Stored items

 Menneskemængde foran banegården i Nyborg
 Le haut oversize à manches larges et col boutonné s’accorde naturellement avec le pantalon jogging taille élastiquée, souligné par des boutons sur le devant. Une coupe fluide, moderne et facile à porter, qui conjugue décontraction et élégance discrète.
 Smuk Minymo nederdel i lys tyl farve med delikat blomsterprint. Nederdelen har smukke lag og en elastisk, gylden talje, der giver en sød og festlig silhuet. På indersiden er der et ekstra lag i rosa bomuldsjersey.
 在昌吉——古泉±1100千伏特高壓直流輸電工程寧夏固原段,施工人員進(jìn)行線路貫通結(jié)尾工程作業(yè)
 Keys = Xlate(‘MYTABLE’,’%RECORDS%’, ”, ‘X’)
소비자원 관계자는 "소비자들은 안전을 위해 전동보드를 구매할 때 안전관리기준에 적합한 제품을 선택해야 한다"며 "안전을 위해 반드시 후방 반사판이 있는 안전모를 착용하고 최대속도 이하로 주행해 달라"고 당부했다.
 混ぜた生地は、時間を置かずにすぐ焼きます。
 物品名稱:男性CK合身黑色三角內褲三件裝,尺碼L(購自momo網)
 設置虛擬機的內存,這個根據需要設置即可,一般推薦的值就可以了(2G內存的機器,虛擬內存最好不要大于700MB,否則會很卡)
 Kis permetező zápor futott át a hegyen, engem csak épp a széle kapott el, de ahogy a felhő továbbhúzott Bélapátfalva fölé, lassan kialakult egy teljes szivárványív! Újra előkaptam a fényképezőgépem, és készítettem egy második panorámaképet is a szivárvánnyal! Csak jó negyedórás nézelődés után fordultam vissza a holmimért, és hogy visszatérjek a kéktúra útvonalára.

...

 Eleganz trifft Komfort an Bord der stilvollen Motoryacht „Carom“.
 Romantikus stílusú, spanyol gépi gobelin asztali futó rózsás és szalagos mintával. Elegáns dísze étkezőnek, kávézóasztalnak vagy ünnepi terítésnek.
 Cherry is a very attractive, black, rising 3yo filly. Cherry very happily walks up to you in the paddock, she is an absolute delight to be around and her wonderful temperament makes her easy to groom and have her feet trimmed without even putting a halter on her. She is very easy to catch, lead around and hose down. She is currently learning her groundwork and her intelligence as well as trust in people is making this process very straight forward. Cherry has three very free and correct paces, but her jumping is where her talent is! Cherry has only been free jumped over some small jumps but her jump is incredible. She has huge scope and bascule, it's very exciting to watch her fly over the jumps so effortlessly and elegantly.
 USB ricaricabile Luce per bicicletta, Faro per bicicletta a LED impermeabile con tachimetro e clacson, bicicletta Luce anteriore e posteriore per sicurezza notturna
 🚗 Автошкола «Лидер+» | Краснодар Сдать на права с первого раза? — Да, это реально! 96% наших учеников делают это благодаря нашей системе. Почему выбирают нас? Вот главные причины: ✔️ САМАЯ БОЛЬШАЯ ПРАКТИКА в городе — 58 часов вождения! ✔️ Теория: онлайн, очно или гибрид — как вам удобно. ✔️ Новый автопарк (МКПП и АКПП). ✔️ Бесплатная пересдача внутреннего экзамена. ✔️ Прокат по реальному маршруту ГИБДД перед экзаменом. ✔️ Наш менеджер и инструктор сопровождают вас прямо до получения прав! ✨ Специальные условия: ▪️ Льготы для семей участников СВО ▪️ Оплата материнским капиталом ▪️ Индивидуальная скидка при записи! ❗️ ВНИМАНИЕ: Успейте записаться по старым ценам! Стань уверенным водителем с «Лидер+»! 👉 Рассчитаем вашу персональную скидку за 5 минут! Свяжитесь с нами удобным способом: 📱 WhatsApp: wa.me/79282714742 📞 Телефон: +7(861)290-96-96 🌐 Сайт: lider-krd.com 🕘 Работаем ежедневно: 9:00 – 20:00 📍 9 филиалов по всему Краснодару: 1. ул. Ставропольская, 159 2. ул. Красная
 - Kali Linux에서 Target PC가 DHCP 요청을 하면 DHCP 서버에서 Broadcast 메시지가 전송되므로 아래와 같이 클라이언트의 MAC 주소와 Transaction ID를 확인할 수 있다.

## EXERCISE INSTRUCTIONS:
Proceeding from the line containing "混ぜた生地は、時間を置かずにすぐ焼きます。" through the line containing "Kis permetező zápor", transcribe the lines above exactly, both end lines included.

## ANSWER SECTION:
 混ぜた生地は、時間を置かずにすぐ焼きます。
 物品名稱:男性CK合身黑色三角內褲三件裝,尺碼L(購自momo網)
 設置虛擬機的內存,這個根據需要設置即可,一般推薦的值就可以了(2G內存的機器,虛擬內存最好不要大于700MB,否則會很卡)
 Kis permetező zápor futott át a hegyen, engem csak épp a széle kapott el, de ahogy a felhő továbbhúzott Bélapátfalva fölé, lassan kialakult egy teljes szivárványív! Újra előkaptam a fényképezőgépem, és készítettem egy második panorámaképet is a szivárvánnyal! Csak jó negyedórás nézelődés után fordultam vissza a holmimért, és hogy visszatérjek a kéktúra útvonalára.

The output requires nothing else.